New crystallography technique provides better atomic view of biomolecules

The motion and structural changes of biomolecules are fundamental to their function, but understanding them at the molecular level has been a major challenge — in part because the crystallography approaches that allowed scientists to study these actions have been extremely time-consuming.
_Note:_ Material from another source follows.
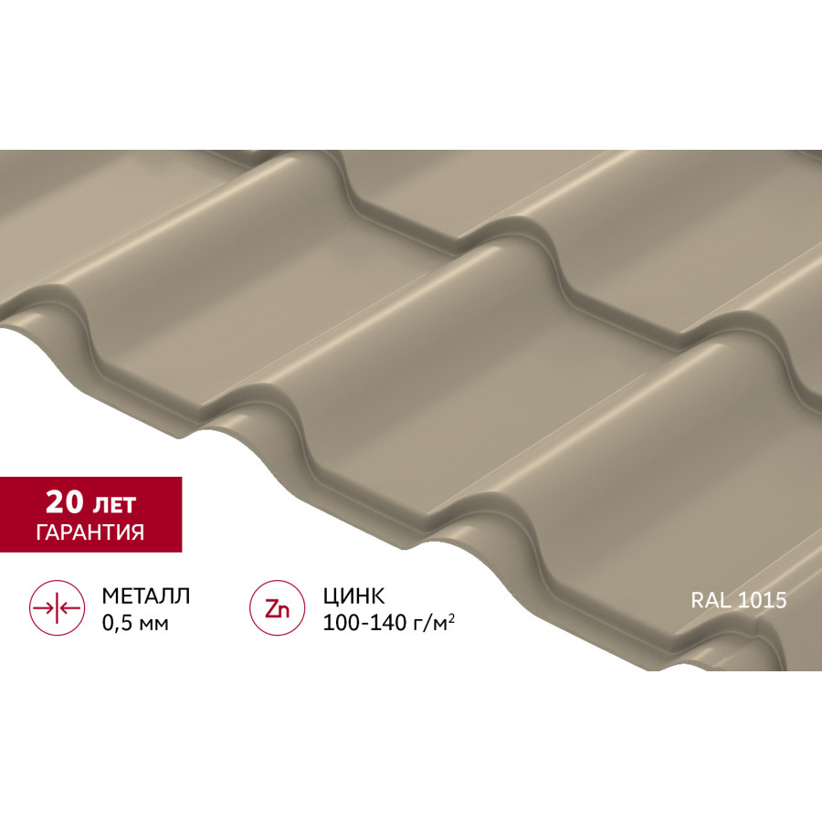 Металлочерепица "Камея" ("Kamea") v01 0,5 Satin RAL 1015 светлая слоновая кость

“We can now load up to 10,000 crystals in seconds in our crystallographic silicon chips and have them all line up like eggs in a carton,” says Dwayne Miller, University Professor of Chemistry and Physics at U of T who is also director of the Max Planck Institute for the Structure and Dynamics of Matter in Germany. “A well-defined array of crystal positions allows us to measure the structure at one time point, go to another crystal then come back to the initial crystal and look again. We get orders of magnitude more time points to follow atomic structure details on the relevant time-scale of most biology.”

The journal Nature Methods published the research yesterday.

The new method, which the researchers termed “hit-and-return” (HARE), covers milliseconds to seconds or even minutes. This is of particular interest to biologists and pharmaceutical researchers because the structural changes relevant to a particular biological function or the turnover of a drug happen on such time scales.

The findings were the result of collaboration among several labs. Miller and his team worked with Emil Pai, Professor Emeritus of Biochemistry, Medical Biophysics and Molecular Genetics at U of T, to demonstrate the value of the new method by investigating the action of an enzyme that breaks down human-made pollutants.

Pai in turn worked with colleagues in the Laboratory of Organic Chemistry at ETH Zurich. “The molecule we used as the substrate for the enzyme to work on was difficult to synthesize,” says Pai, who is also an Emeritus Scientist at University Health Network. “Without the synthetic knowledge of our ETH colleagues we would not have had such an excellent system to work on.”

Researchers at the European Molecular Biology Laboratory and Deutsches Elektronen-Synchrotron helped the group by providing access to intense micro-focused X-ray beams at their institutions, and help implementing the hit and return method.

Pai and Miller say the new method has great potential for existing and up-coming high-brilliance synchrotron radiation light sources, which promise to illuminate the atomic structure of biomolecules in even more detail — and now in a far less time-consuming manner.